I will be the first to admit that I haven’t dealt well with my children’s coming of age.  They are gone from the house more and more, and I’m not always sure where they are or whom they are with.  They don’t seek my advice on much anymore unless they think I’ll agree with them.  They can’t stand to have me question their budding judgement, and show their disapproval by disappearing into their room for hours.   And every one of these episodes causes me to die inside a little more.  I have given these boys all I have for as long as I remember.  Now, it seems, I have instantly become a total idiot, unaware of the feelings a teenage boy has about girls, or his uncertainty about his chosen profession. 

 I get it, guys.  I understand.  I’m still uncertain about what I’m doing.  I know how it feels to need your parents but not want them any more.  I know what it is to want to be on  your own.  I feel you. 

But this doesn’t mean that I’m going to say “Go ahead and do what you want.  I’m with you.”  Especially if I see them making a mistake or not thinking a problem or plan through.  That’s all I want.  Think it through.  Come up with a plan.  Then execute the plan.   That way, you don’t have to come back home and live with me and the wife.  But if you are blindly entering life, you are going to gen some bumps and bruises. 

Maybe that’s the right way to go.  Let them get the bumps.  That way, they can also figure out how to treat inflammation. 

I love my kids and don’t want to see them hurt.  But part of parental obsolescence is learing how to let them figure things out for themselves, and sometimes life has a way to teaching you lessons that tend to sting a little. 

It’s that time for one of my kids. 

I’ll be there to offer advice if he asks for it, support if he needs it, and an ear to listen when he wants to talk.  But I ain’t no yes man.  Part of being a man is getting an opinion you don’t want to hear and learning from it anyway. 

It’s tough not to worry.  I guess that never goes away.  Since there is no qualification process or manual to read on how to raise kids, most of us have to make spot decisions and hope for the best.  I hope and pray that I have not failed them.  I know I wasn’t always right, but I always did my best where they were concerned.  Now I have to turn them out to make their way in the world, one at a time. 

I hope that my son will realize one day that the old man isn’t as stupid as he thinks.  And I hope it’s not too late when he does. 

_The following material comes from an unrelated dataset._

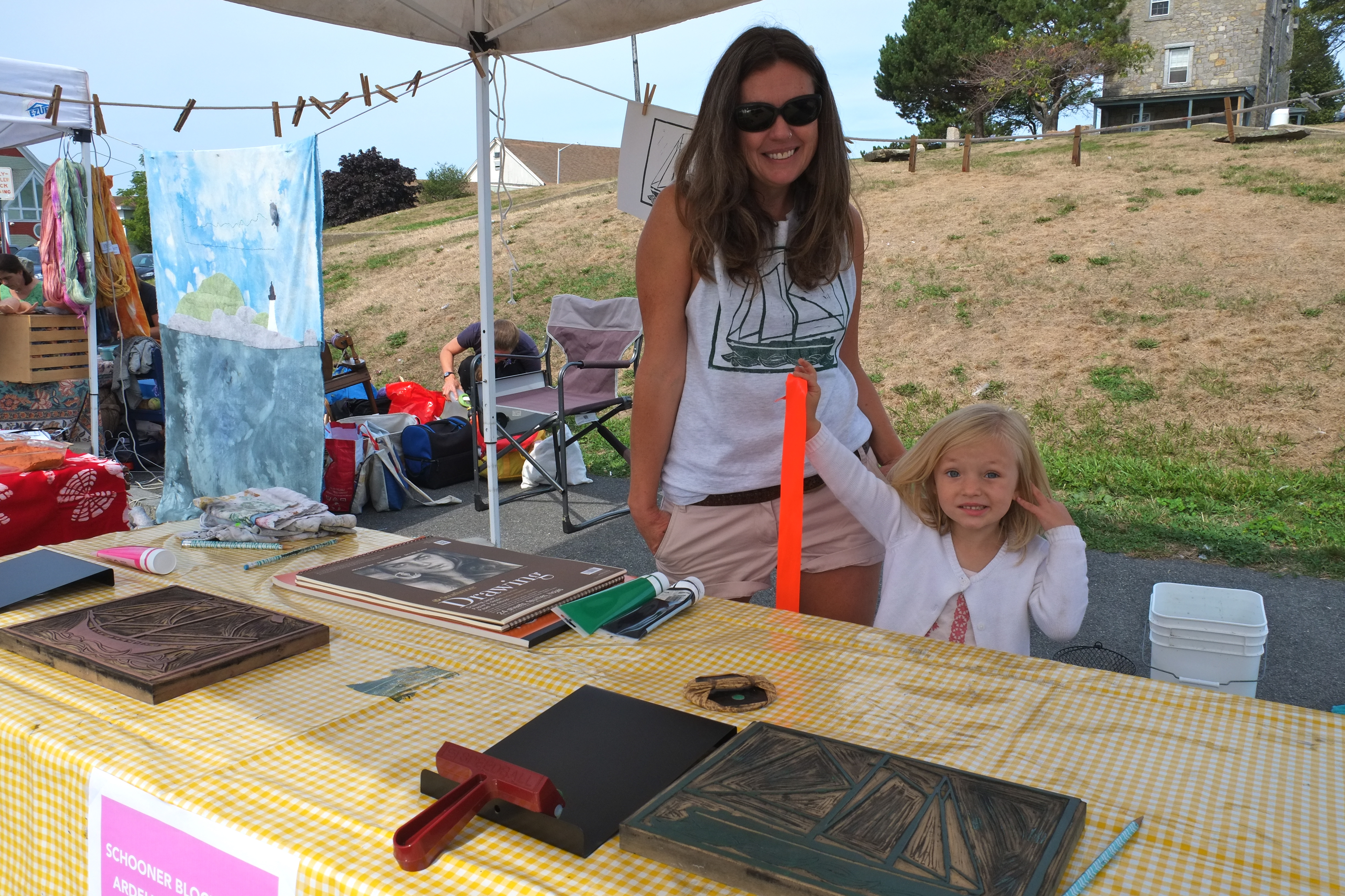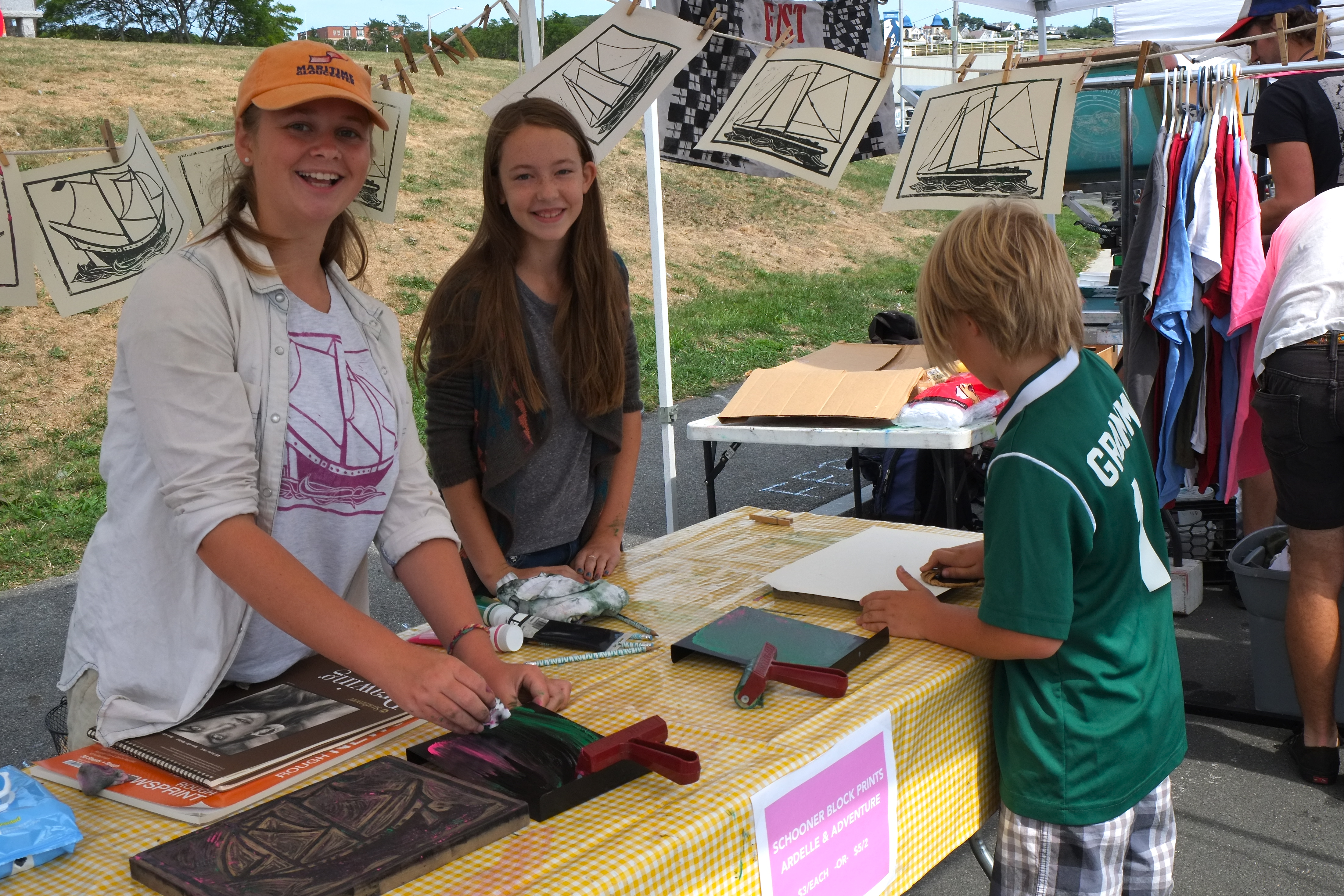 Michele Del Vecchio’s beautiful block prints of the Schooners Ardelle and Adventure that she made for the Maritme center

Parenting is the only job you get without training or experience and never can retire from.  But you can be fired as a direct contributor and become a consultant.  

Almost there.


2 Responses to “Parental Worry is Never Over”

  1. michael Says:

    Sorry Dad.

    • babaje2 Says:

      Don’t be. It’s part of life. It’s tough to watch your hatchlings try to learn how to fly without feeling a little old and useless. You’ll see.
      Thanks for at least reading my blog. Some interesting stuff, I hope.